Project:Home
Domain names are nominally identifiers to underlying resources, like nytimes.com and The New York Times. However, they are not persistent identifiers, as their value can change. Publications and their owners are more like tenants over the domain name, and can decide to vacate the domain, eventually leading to the domain describing a different resource than it did before.
This poses a significant challenge to modeling information sources. If a URL is identified as a reference in a Wikipedia article, and that URL is associated with a domain that has changed owners, the URL in question may or may not be a reliable source depending on when it was published.

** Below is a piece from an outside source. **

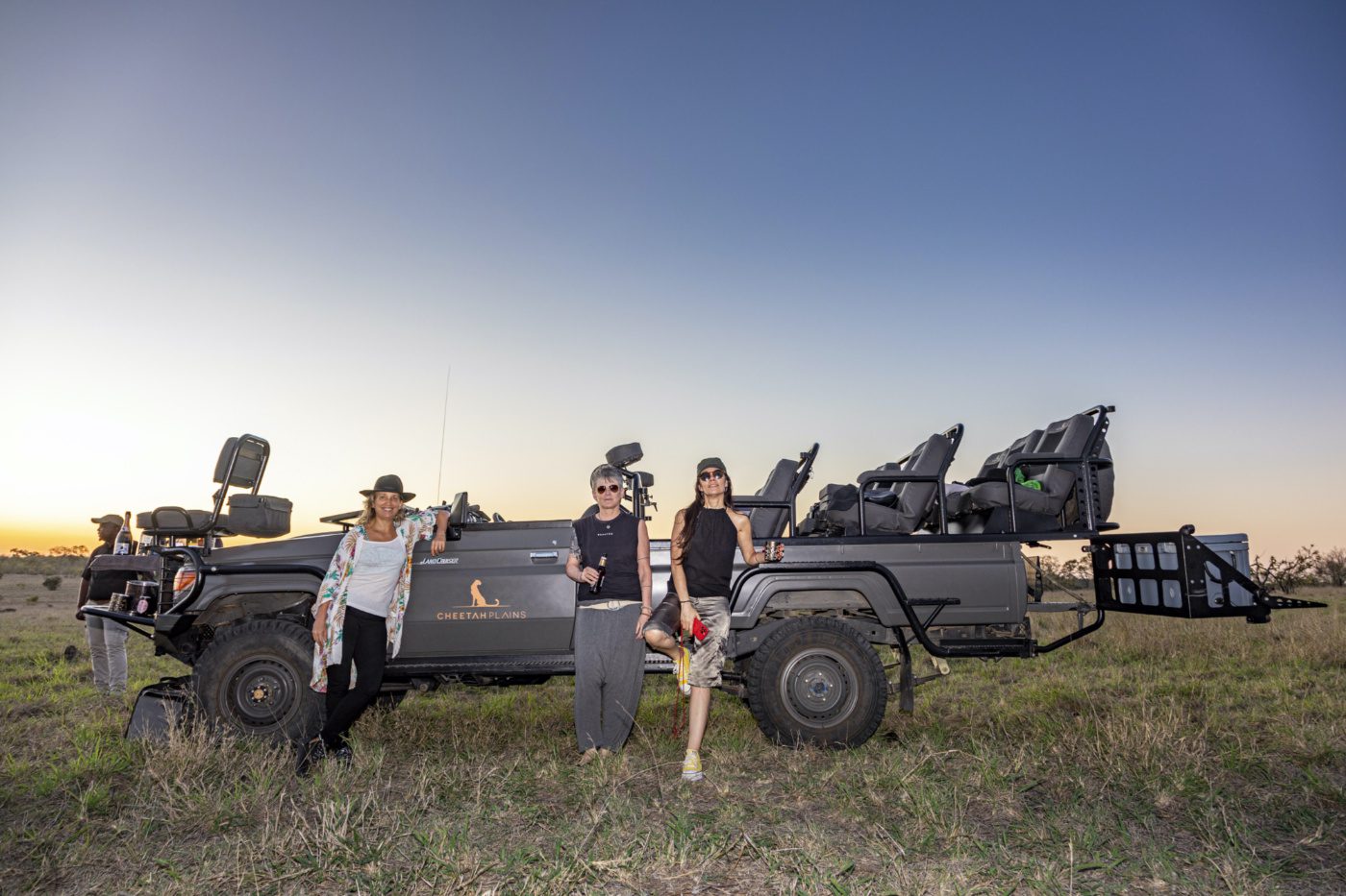 Milly Lacombe e Tati Isler durante pôr do sol na savana, no safári Cheetah Plains – foto Andrea Miramontes @ladobviagem
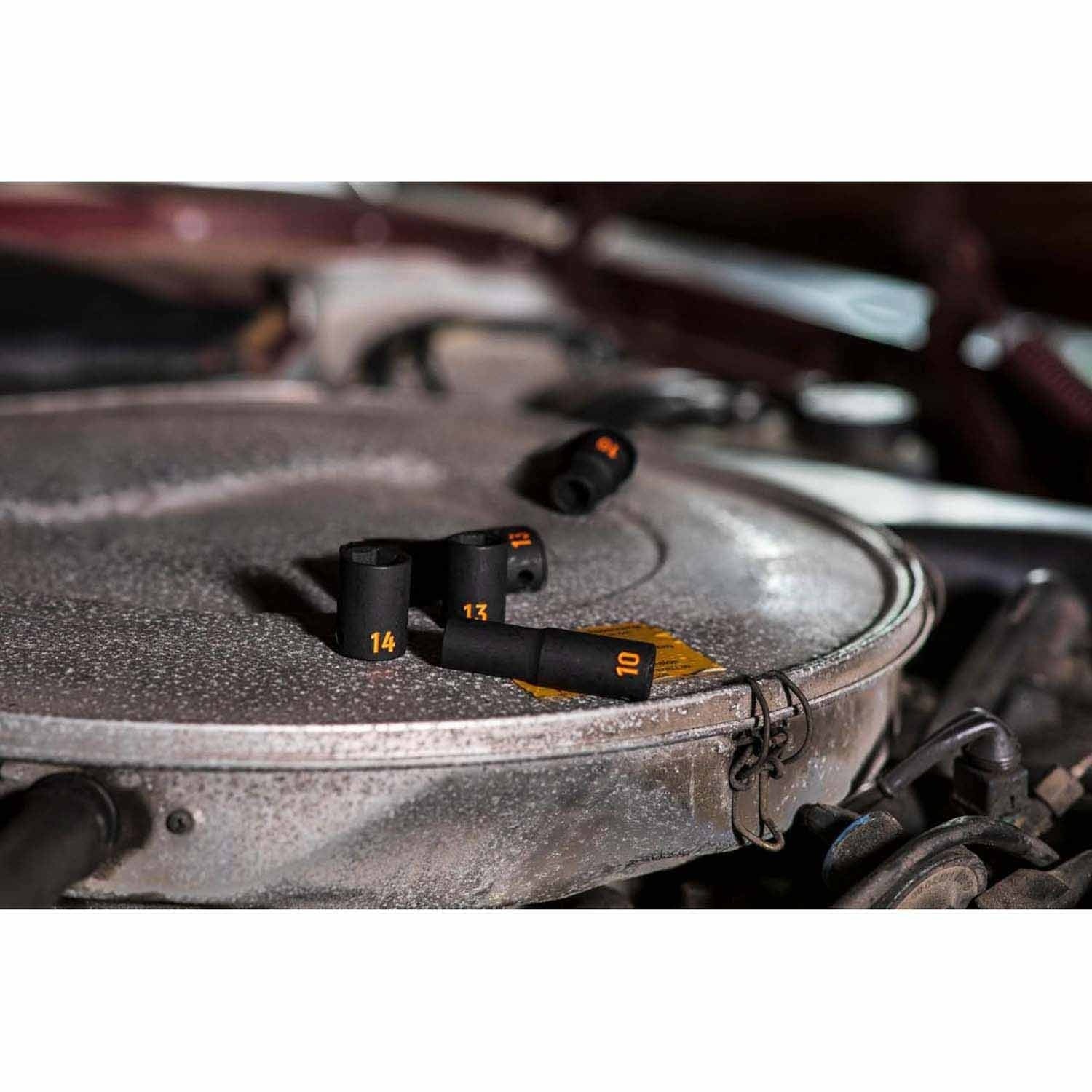 - (44) Impact Sockets, Deep: 5/16 in, 3/8 in, 7/16 in, 1/2 in, 9/16 in, 5/8 in, 11/16 in, 3/4 in, 8mm, 9mm, 10mm, 11mm, 12mm, 13mm, 14mm, 15mm, 16mm, 17mm, 18mm, 19mm, 21mm

The Internet Domains Wikibase addresses this by creating items for individual domain names and associating them with the publication, product, or organization they describe (via Wikidata item). Wikibase allows us to create nuanced statements through qualifiers, which is useful for describing the history of a domain name's ownership. For example, see the entries for twitter.com and x.com.
Queries
- Ukraine websites
- Ethiopia websites
- Domains and their item numbers
- Domains mapped to Wikidata items
- Domains appearing on source lists
- Domains appearing on both the Wikipedia-wide and vaccine safety-specific perennial sources lists
- Domains appearing on the most source lists
- Related domain names
Items
Most items on this wiki are domain names. A domain name exists as a standalone entity apart from whatever companies or products are located at that domain name. Items with domain name items are assigned P1. values. Support items that are not domain names do not have P1 values.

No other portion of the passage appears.